4 Ways the Lab Can Bridge the Gap for Multidisciplinary Integration

4 Ways the Lab Can Bridge the Gap for Multidisciplinary Integration

The healthcare industry's shift toward improved care coordination and value-based reimbursement is putting demands on lab services to become better integrated with the rest of the care team, both within the hospital and across the health network. A fully integrated lab can go far beyond collecting samples and reporting results to be an active partner in improving care and reducing costs. Here, lab leaders from some of the nation's top institutions share innovative ways to bring lab services beyond its traditional boundaries and into the mainstream of care.

Article highlights:

  • Labs should provide context and interpretive services, not just results.
  • Lab staff can lend insight to the development of analytic tools.
  • Lab leaders can gain insight by shadowing clinicians.

Contributing Lab Leaders

James Nichols

James Nichols

Vanderbilt University School of Medicine

Paula Santach, MD

Paula Santach, M.D.

Mayo Clinic

 

Steven Zibrat

Steven Zibrat

University of Chicago Medicine

 

Diana Kremitske

Diana Kremitske

Geisinger Health System

 

1. Provide interpretive services.

Vanderbilt University School of Medicine, Nashville, has diagnostic management teams (DMTs) that include lab staff who work with clinicians to identify a given diagnosis or track the effectiveness of a treatment. "We can provide value in the laboratory by going beyond just throwing [physicians] a result," said James Nichols, medical director, clinical chemistry and point-of-care testing, at Vanderbilt. "We can provide that interpretation and then help the physician better manage their patient." For example, the lab might perform multiple studies to determine not only whether a patient is anemic, but whether the symptoms are caused by hemoglobin abnormalities, sickle cell disease, or an iron deficiency, and give the care team a comprehensive analytical report.

 

On a total interpretive service

James Nichols

Vanderbilt University School of Medicine

2. Shadow the customers.

"Laboratory leaders and staff can provide better service when they step out of the lab to understand better what their colleagues do all day, said Paula Santrach, M.D., associate professor of laboratory medicine and pathology, and chief quality officer at the Mayo Clinic in Rochester, Minn. "One of the most important things I did in my career was to partner with surgeons and anesthesiologist on a research study and spend three months in the operating room," she said. "It's amazing how that can really build relationships with people, and then they listen to you and request your input." Santrach also headed a task force on converting the clinic to digital radiology. "I was the only person around the table who had no vested interest in looking at images," she said. "I spent a lot of time watching their processes and how they do their work... That was an invaluable experience for me and opened up the door for a lot of other opportunities."

3. Get to know IT.

"The laboratory is producing vast quantities of data that go into a typical EMR or EHR, and with all that data, there's the need to be able to extract relevant parts of it in order to make data-driven decisions about care, about processes, about what you're going to do within your organization to manage the care of your patient population," said Steven Zibrat, manager, laboratories quality improvement at the University of Chicago Medicine. Those who don't work in a lab can have a difficult time interpreting lab data and seeing how it fits into the bigger picture. Zibrat recommends labs assign one of their own to work with IT to help build analytical models. "Without that person, without those tools, we're just sitting on top of a gold mine trying to chip away at it with a toothpick."

 

On interpreting the information

Steven Zibrat

Manager, Laboratories Quality Improvement

University of Chicago Medicine

4. Participate in developing best practices.

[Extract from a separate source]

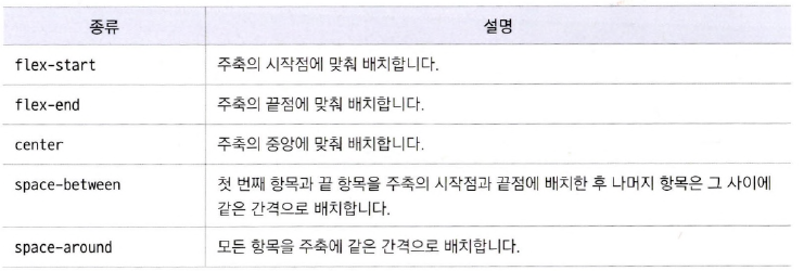 - 주축에서 플렉스 항목 간의 정렬 방법을 지정

At Geisinger Health System in Danville, Pa., lab staff have been instrumental in helping reduce the likelihood that post-surgical patients will need blood transfusions, said Diana Kremitske, vice president of laboratory operations. A lab-affiliated RN meets with both the patient and the surgeon prior to a surgery to work out a care plan that reduces the risk of post-operative anemia. This participation is built into Geisinger's "proven care" models for orthopedic surgeries, and has reduced patients' length of stay and their risk for complications from transfusions."It's a real value-added thing on the inpatient side, and we're starting to migrate that clinical know-how to the outpatient side," Kremitske said.